I really loved how Like a Love Story focuses on the AIDS crisis and I appreciate how a number of reviews have called it a groundbreaking and masterful portrayal of something we still struggle to find the language to talk about over thirty years later. It doesn't personally rank as my favorite YA book to tackle AIDS (that would certainly be Carol Rifka Brunt's Tell the Wolves I'm Home), but I'm still happy to have found another open and honest portrayal of the realities of the crisis in the YA genre. Above all I appreciate how personal this story feels for the author, as you can tell in a number of queer YA novels written by men (such as Angelo Surmelis' The Dangerous Art of Blending In). I especially appreciated how such a personal and honest narrative was written by a queer man of color, considering that right before reading Like a Love Story I read Sarah Henstra's We Contain Multitudes, another queer YA novel that was problematic in its attempts to tackle homophobia, which was written by a straight, cis white woman. It was definitely refreshing to have topics such as AIDS, homophobia, racism, and cultural values written about by someone who has most likely experienced such things in real life. The author writes in such a palatable, straightforward way that still gives space for all the feelings that come with loss and love.

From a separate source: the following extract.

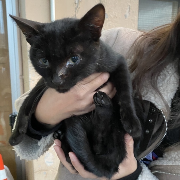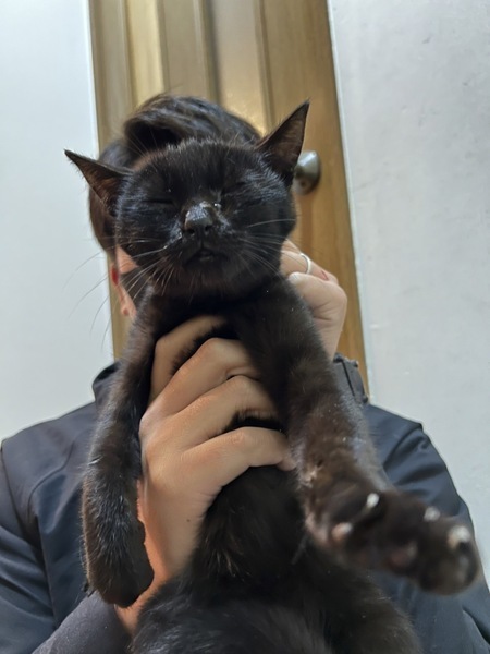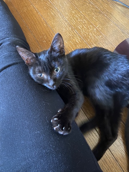 | 特徴(性格など) | 黒猫の仔猫(女の子) 元気いっぱいで人懐っこく、保護された1日目からお腹を出してゴロゴロしています。 |

What I loved most about Like a Love Story was how it's exactly that - a love story, and a queer love story. The romance between Reza and Art didn't feel too forced or rushed like the majority of queer romances between boys in YA, and their love was ignited by a passion for activism, a love of art, and a love of love. It was also wonderful to read the perspective of a queer boy of color attempting to come to terms with his sexuality, based on his cultural values and the homophobic beliefs instilled in him by nature, as well as his coming out process. Another thing I loved about Like a Love Story was how it really reminded me of my love for Madonna? I say that as if it were something that is easily forgotten, but I often forget the impact that Madonna had in the '80s, especially in the LGBTQ community. Everything about her, her music, and her image was so inspiring and empowering for queer people then and now, and it made me grateful for the fact that I got to grow up to a lot of her music and that I got to start the process of finding myself and loving myself through her music. I actually went and listened to The Immaculate Collection after finishing this book, and danced my little heart out.
The only thing I didn't really like about Like a Love Story - and I can't really tell if this was a legitimate flaw or just me being snobby because I've outgrown most of YA - was Judy. I just found her to be really annoying and unlikable. I appreciated the perspective and representation of an unapologetically fat girl in a queer love story, but the chapters told from her perspective really pissed me off and brought down the party. I loved her Uncle Stephen and the short anecdotes told from his perspective, but I hated Judy. Maybe it's just me. But I probably would have enjoyed the book more as a whole if she wasn't in it. Then again, would it really have been a love story set in the '80s if a boy coming out as gay to his fake girlfriend didn't cause the girlfriend to become a melodramatic bitch who makes someone's coming out process all about them? I'm doubtful, honestly. Overall, definitely a new LGBTQ entry to the YA genre that is not to be missed. It's titles like these that make me not want to leave the genre behind forever. 4/5 stars.